Setting Sets general preferences for the mapping overall (SEE BELOW).

2. Settings

Every import mapping requires a few general settings, explained below. Again, the complete list of settings can be found here, but these are the most basic and required settings to get started and handle most simple imports.

In our example mapping, we have set the name to Sample Mapping and code to sample_mapping. Because our sample data is in an Excel spreadsheet, we’ve set the inputFormat to XLSX. Our source data contains Objects, so we’ve set the table to ca_objects. Our system is empty (no records have been imported yet!) so the existingRecordPolicy is set to none. Finally, we are importing photographs, which in our profile corresponds to the object type code image.

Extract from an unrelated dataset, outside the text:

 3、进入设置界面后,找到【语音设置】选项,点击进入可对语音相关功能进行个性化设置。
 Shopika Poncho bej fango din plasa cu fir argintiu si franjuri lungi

Setting Description Parameter notes Example
name Give your mapping a name. Arbitrary text My Sample mapping
code Give your mapping an alphanumeric code of the mapping Arbitrary text, with no special characters or spaces my_sample_mapping
inputFormats Sets type of source (input) data that can be handled by this import mapping. Values are format codes defined by the various DataReader plugins. file type XLSX
table Sets the table for the imported data. If you are importing Objects, set the table to ca_objects. If you are importing Collections, set this to ca_collections, and so on. Corresponds to the CollectiveAccess basic tables ca_objects
type Set the Type of record to set all imported records to. If you are importing Objects, what type are they? Photographs, Artifacts, Paintings, etc. This value needs to correspond to an existing value in the the types list. For objects, the list isobject_types. If the import includes a mapping to type_id, that will be privileged and the type setting will be ignored. CollectiveAccess list item code image
numInitialRowsToSkip The number of rows at the top of the data set to skip. Use this setting to skip over column headers in spreadsheets and similar data. numeric value 1
existingRecordPolicy

Determines how existing records in the CollectiveAccess system are checked for and handled for the mapping. Also determines how records created by the mapping are merged with other instances (idno and/or preferred label) in the data source.

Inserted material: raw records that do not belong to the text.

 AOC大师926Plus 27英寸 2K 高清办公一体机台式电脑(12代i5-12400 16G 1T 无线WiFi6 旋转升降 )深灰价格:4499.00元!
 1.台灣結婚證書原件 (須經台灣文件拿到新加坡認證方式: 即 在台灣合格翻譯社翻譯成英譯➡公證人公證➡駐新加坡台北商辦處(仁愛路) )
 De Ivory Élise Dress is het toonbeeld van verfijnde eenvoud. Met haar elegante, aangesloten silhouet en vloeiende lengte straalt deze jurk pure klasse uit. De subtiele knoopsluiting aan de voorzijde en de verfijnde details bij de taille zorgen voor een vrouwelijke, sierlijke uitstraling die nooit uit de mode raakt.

(In CollectiveAccess, the primary ID field is “idno” and the title/name field of each record is “preferred_label”.)

From version 1.7.9 options to skip, merge or overwrite on internal CollectiveAccess record ids is also supported via the *_on_id options. These options can be useful when re-importing data previously exported from a CollectiveAccess instance.

none
skip_on_idno
merge_on_idno
overwrite_on_idno
skip_on_preferred_labels
merge_on_preferred_labels
overwrite_on_preferred_labels
skip_on_idno_and_preferred_labels
merge_on_idno_and_preferred_labels
overwrite_on_idno_and_preferred_labels
merge_on_idno_with_replace
merge_on_preferred_labels_with_replace
merge_on_idno_and_preferred_labels_with_replace
skip_on_id
merge_on_id
merge_on_id_with_replace
overwrite_on_id
  none
ignoreTypeForExistingRecordPolicy If set record type will be ignored when looking for existing records as specified by the existing records policy. 0 or 1 0
mergeOnly If set data will only be merged with existing records using the existing records policy and no new records will be created. Available from version 1.7.9. 0 or 1 0
dontDoImport If set then the mapping will be evaluated but no rows actually imported. This can be useful when you want to run a refinery over the rows of a data set but not actually perform the primary import. 0 or 1 0
basePath For XML data formats, an XPath expression selecting nodes to be treated as individual records. If left blank, each XML document will be treated as a single record. Must be a valid Xpath expression /export
locale Sets the locale used for all imported data. Leave empty or omit to use the system default locale. Otherwise set it to a valid locale code (Ex. en_US, es_MX, fr_CA). Must be a valid ISO locale code. en_US
errorPolicy Determines how errors are handled for the import. Options are to ignore the error, stop the import when an error is encountered and to receive a prompt when the error is encountered. Default is to ignore. ignore stop ignore

Finally, you will notice that the source data contains a header in the first line, indicating what each column represents. Since we don’t want to actually import this line as data, we’ll set numInitialRowsToSkip to 1, meaning the data importer will skip the first line of the source data document.

3. Source (Column 2)

The second column in the mapping document is where you cite all data sources you wish to import. This is the first part of the crosswalk essentially. For data that is stored in Excel, citing the source is easy - simply cite the numbers of each column you want to import (Column A=1, Column B=2, and so on.)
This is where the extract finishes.